-------- RECORDS SUPPLIED
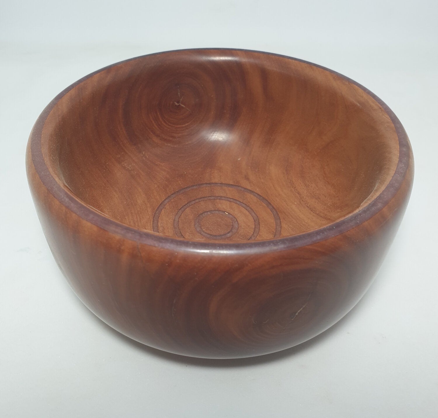 Handcrafted iron wood decorative bowl with translucent purple resin on rim and at base of the bowl.
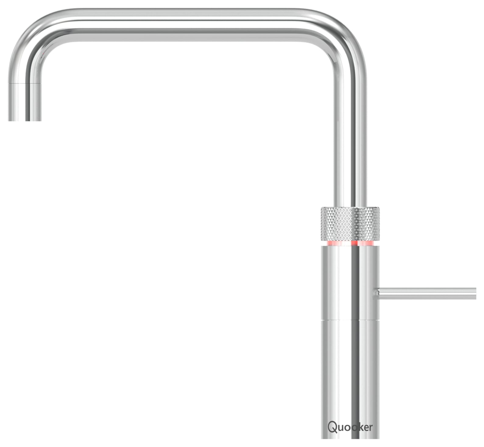 Quooker Fusion 3-in-1 Square Neck Kitchen Tap dispenses hot, cold and 100°C boiling water all from a single, elegant, insulated square spout. This stunning tap is finished in chrome and has a childproof handle. Featuring a red light ring that illuminates around the handle to indicate when the boiling water is in use.
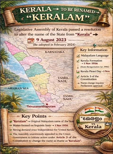 • After approval of the Union Cabinet, the President of India will refer a Bill, namely the Kerala (Alteration of Name) Bill, 2026 to the State Legislative Assembly of Kerala for expressing its views under the proviso to Article 3 of the Constitution of India.
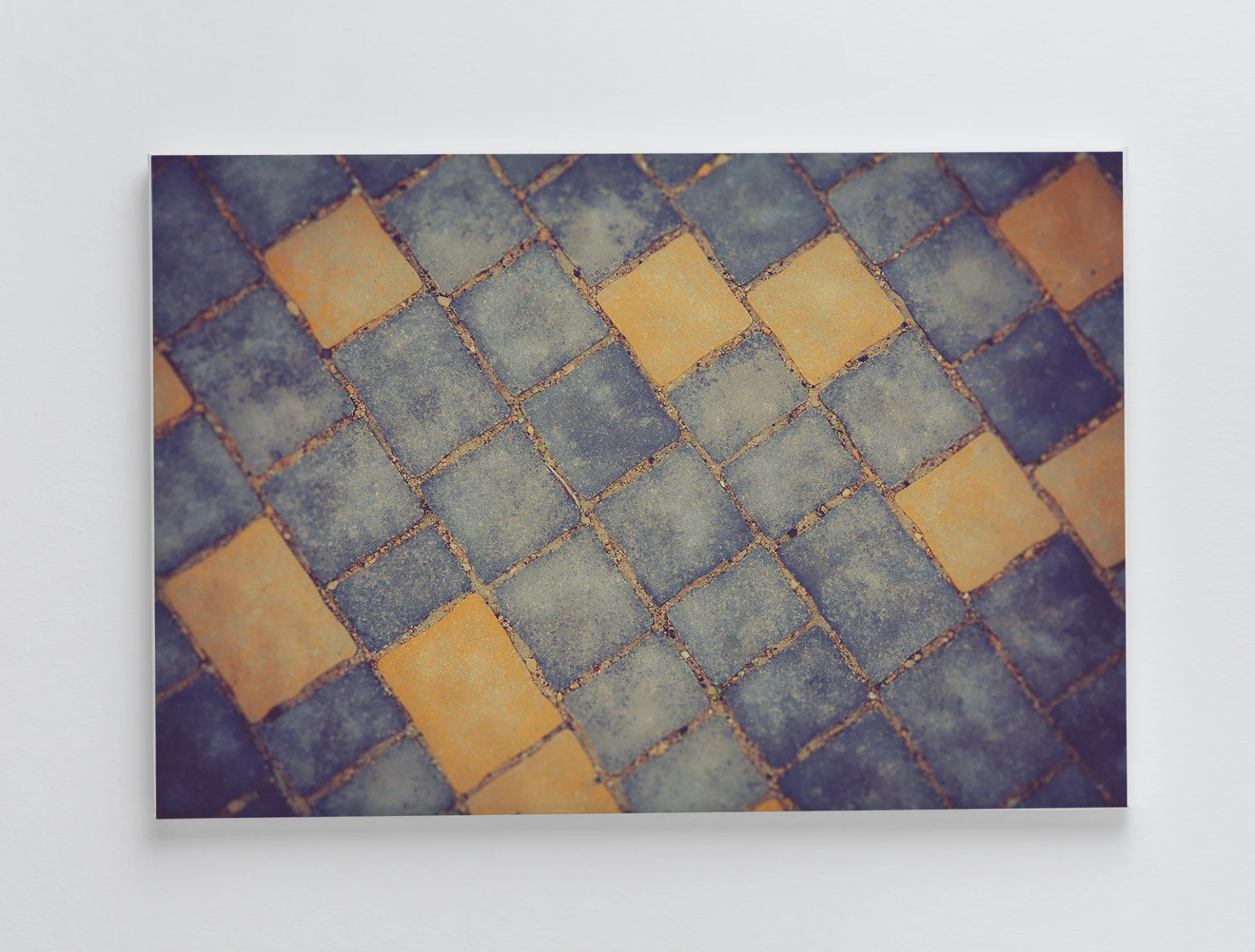 A painted sidewalk in bold yellow and blue becomes a vibrant urban surface. The minimal composition highlights color, texture, and the quiet beauty found in everyday spaces.
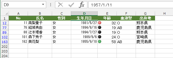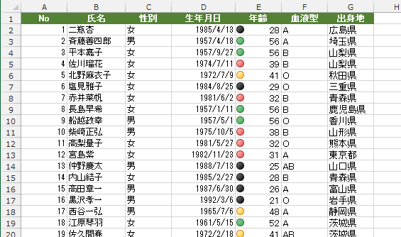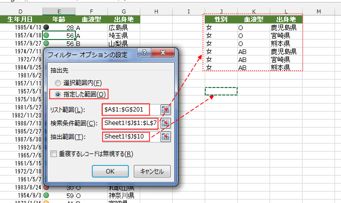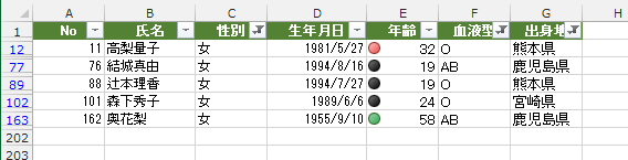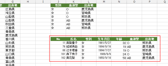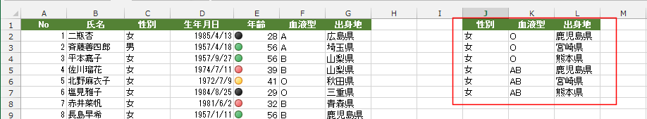 下図のようなデータを使って、性別が「女」、血液型が「O」または「AB」、出身地が「鹿児島県」または「宮崎県」または「熊本県」であるデータを抽出したいと思います。
----------------
WHAT THE TASK REQUIRES — Starting with the line that has "A painted sidewalk" and ending with the last line of the records, retype every line exactly and only those lines. Do not include the pictures.

SOLUTION FOR THIS PROBLEM —
 A painted sidewalk in bold yellow and blue becomes a vibrant urban surface. The minimal composition highlights color, texture, and the quiet beauty found in everyday spaces.
 下図のようなデータを使って、性別が「女」、血液型が「O」または「AB」、出身地が「鹿児島県」または「宮崎県」または「熊本県」であるデータを抽出したいと思います。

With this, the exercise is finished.